### Work to complete
Without the images, write out the entries word for word.

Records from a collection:
○ ○ ○

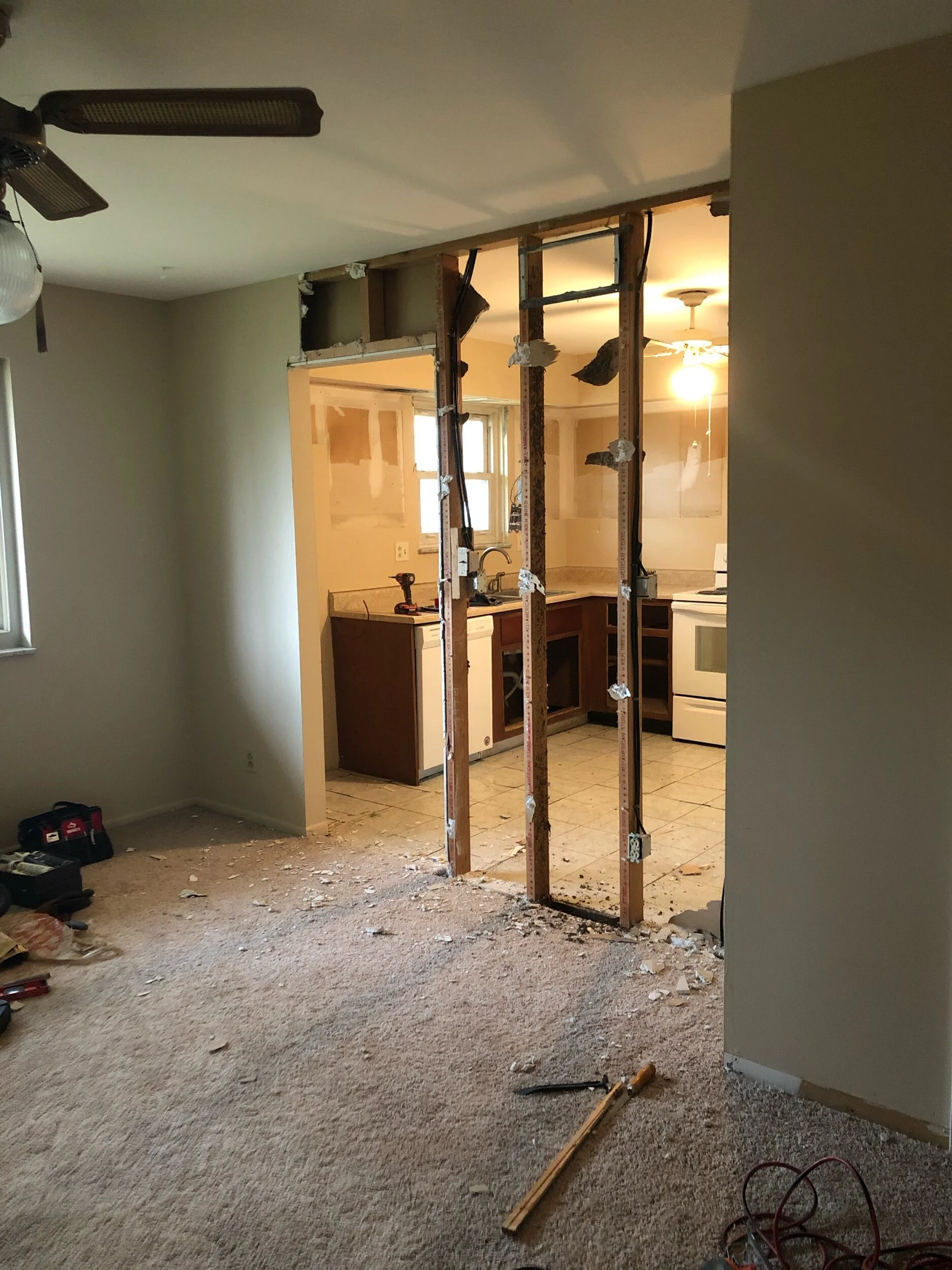 It’s demo day! We wasted no time getting started on demo and the first order of business was to remove the wall separating the dining room from the kitchen. We needed to get an accurate measurement for the peninsula cabinets we have planned to separate the kitchen and the dining room. The cabinets we are ordering are going to take 4-8 weeks to come in and we needed to get them ordered asap.
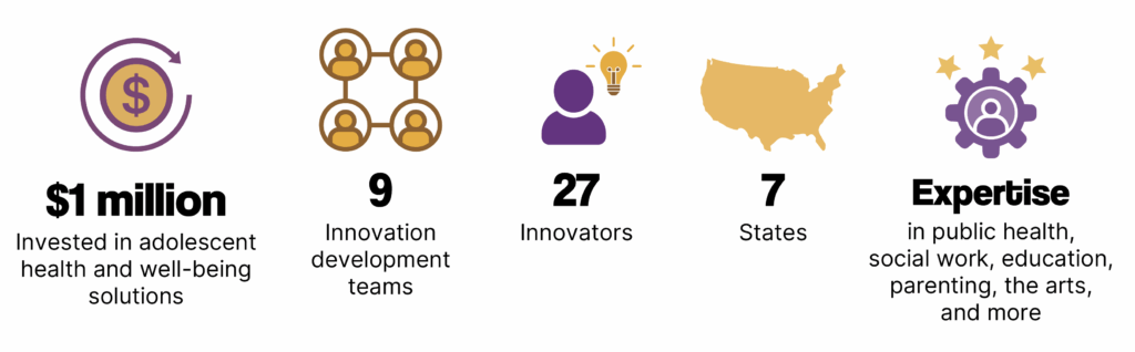 Across our two cohorts, we invested $1 million in solutions focused on adolescent health and well-being, helping nine innovation development teams develop and scale bold new approaches. The 27 innovators leading this work represent seven states and bring expertise in public health, social work, education, parenting, the arts, and more. Although their innovations and backgrounds vary, they are united by a shared commitment to break through the status quo and build a world where young people are served by solutions that are truly responsive to their needs.
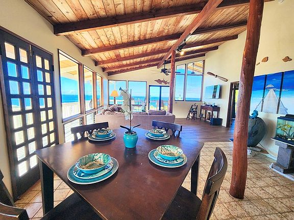 The kitchen features a Dutch door entry, Koa cabinets & a wet bar & an open dining area & more ocean views.
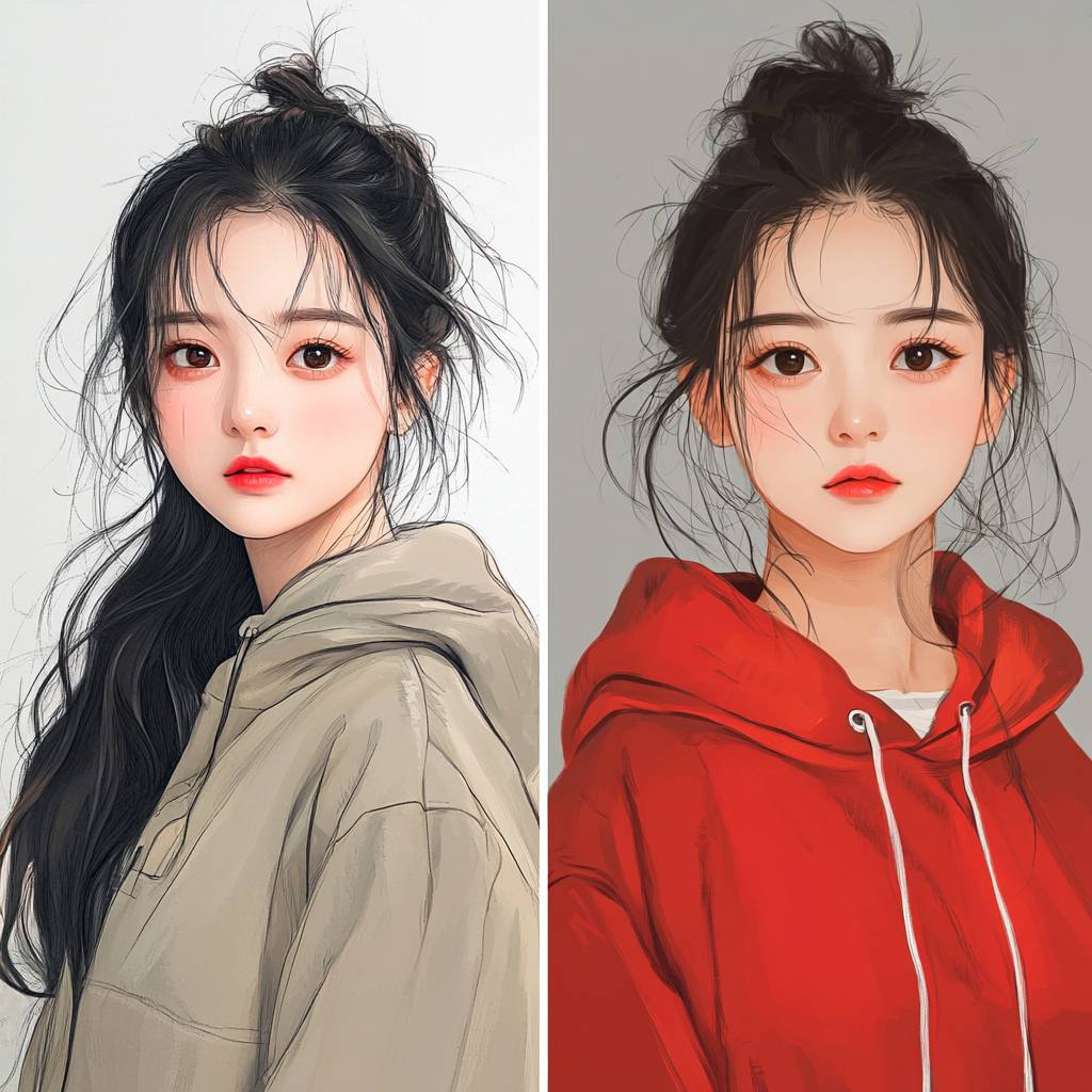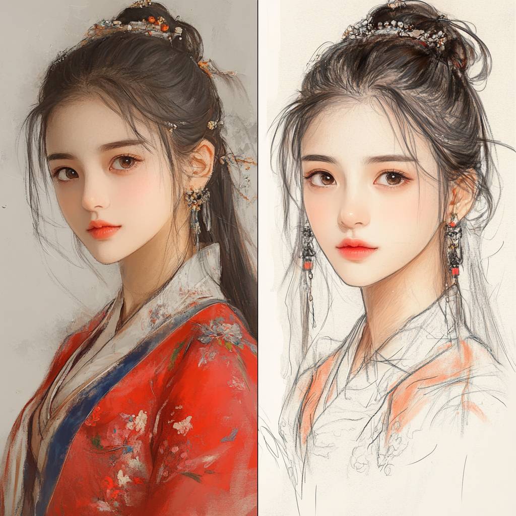 Beautiful Chinese girl, 18-year-old girl, full body, facial view, handsome, close-up, flat painting, minimalist vector style. (The painting on the left is a simple initial draft without any color, only a line drawing. The painting on the right is a brightly colored and very realistic colored work, depicting the same person on both sides of the painting.
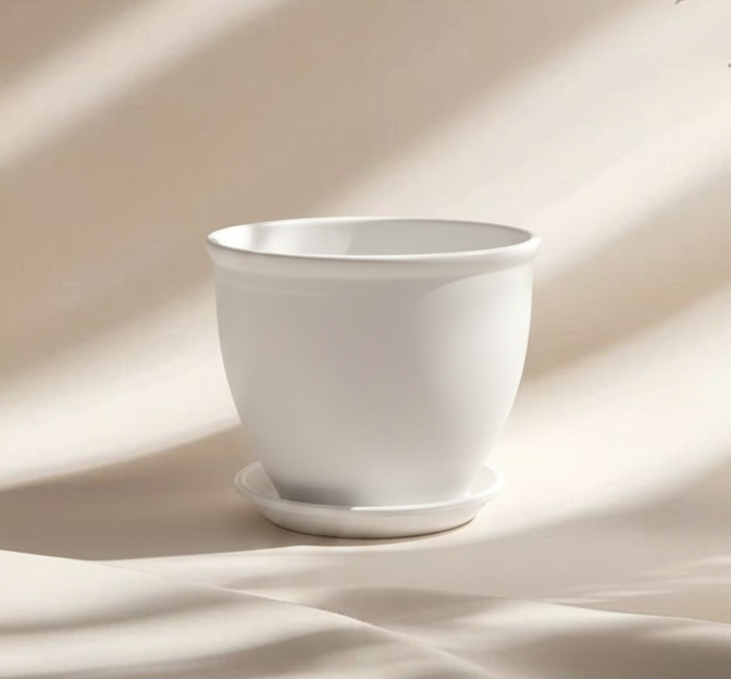 جنس پلاستیک. رنگ سفید. دارای سایز بندی. کیفیت +A . دارای زیرگلدانی هم رنگ
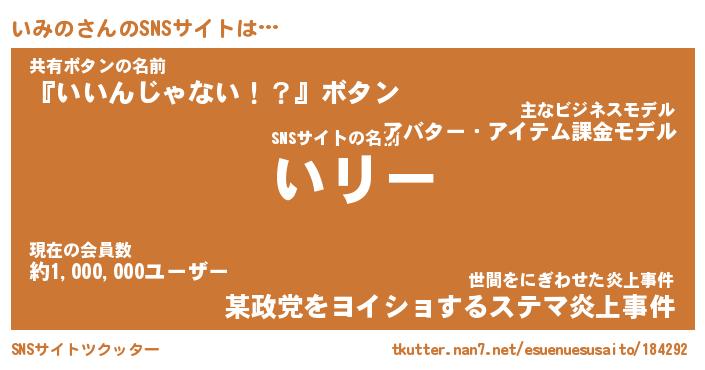 | 肩書あだ名 | 『いみの店長』『いみの総理大臣』 |
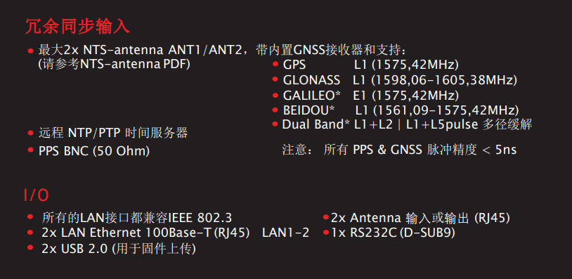 NTS-3000使用NTP PTPv2 IEEE1588协议直接将时间传递到LAN网络。 它配备了2个10 / 100Mbps以太网接口。 GNSS是标准的UTC参考时间。 服务器配备2个独立的GNSS输入(RJ45:ANT1和ANT2),因此它也可以支持卫星接收器。 可以将每个GNSS接收器配置为不同的卫星系统(GPS、GLONASS、GALILEO、BEIDOU)。 内置石英RTC时钟可确保在有限的短时间内丢失卫星信号的时间。 额外的OCXO *功能可提供强大的保持同步能力。
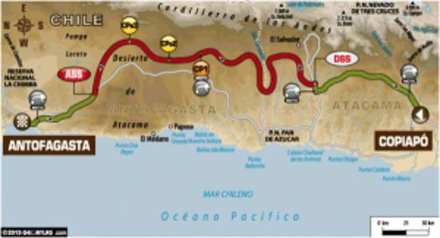 На пятый день участникам ралли-марафона Дакар пришлось преодолеть почти семьсот километров по пыльным дорогам пустыни Атакама. Длина спецучастка дня составила 458 километров - это третий по протяженности СУ на этой гонке. А для грузовиков это и вовсе...

○ ○ ○

### Answer to the exercise
 It’s demo day! We wasted no time getting started on demo and the first order of business was to remove the wall separating the dining room from the kitchen. We needed to get an accurate measurement for the peninsula cabinets we have planned to separate the kitchen and the dining room. The cabinets we are ordering are going to take 4-8 weeks to come in and we needed to get them ordered asap.
 Across our two cohorts, we invested $1 million in solutions focused on adolescent health and well-being, helping nine innovation development teams develop and scale bold new approaches. The 27 innovators leading this work represent seven states and bring expertise in public health, social work, education, parenting, the arts, and more. Although their innovations and backgrounds vary, they are united by a shared commitment to break through the status quo and build a world where young people are served by solutions that are truly responsive to their needs.
 The kitchen features a Dutch door entry, Koa cabinets & a wet bar & an open dining area & more ocean views.
 Beautiful Chinese girl, 18-year-old girl, full body, facial view, handsome, close-up, flat painting, minimalist vector style. (The painting on the left is a simple initial draft without any color, only a line drawing. The painting on the right is a brightly colored and very realistic colored work, depicting the same person on both sides of the painting.
 جنس پلاستیک. رنگ سفید. دارای سایز بندی. کیفیت +A . دارای زیرگلدانی هم رنگ
 | 肩書あだ名 | 『いみの店長』『いみの総理大臣』 |
 NTS-3000使用NTP PTPv2 IEEE1588协议直接将时间传递到LAN网络。 它配备了2个10 / 100Mbps以太网接口。 GNSS是标准的UTC参考时间。 服务器配备2个独立的GNSS输入(RJ45:ANT1和ANT2),因此它也可以支持卫星接收器。 可以将每个GNSS接收器配置为不同的卫星系统(GPS、GLONASS、GALILEO、BEIDOU)。 内置石英RTC时钟可确保在有限的短时间内丢失卫星信号的时间。 额外的OCXO *功能可提供强大的保持同步能力。
 На пятый день участникам ралли-марафона Дакар пришлось преодолеть почти семьсот километров по пыльным дорогам пустыни Атакама. Длина спецучастка дня составила 458 километров - это третий по протяженности СУ на этой гонке. А для грузовиков это и вовсе...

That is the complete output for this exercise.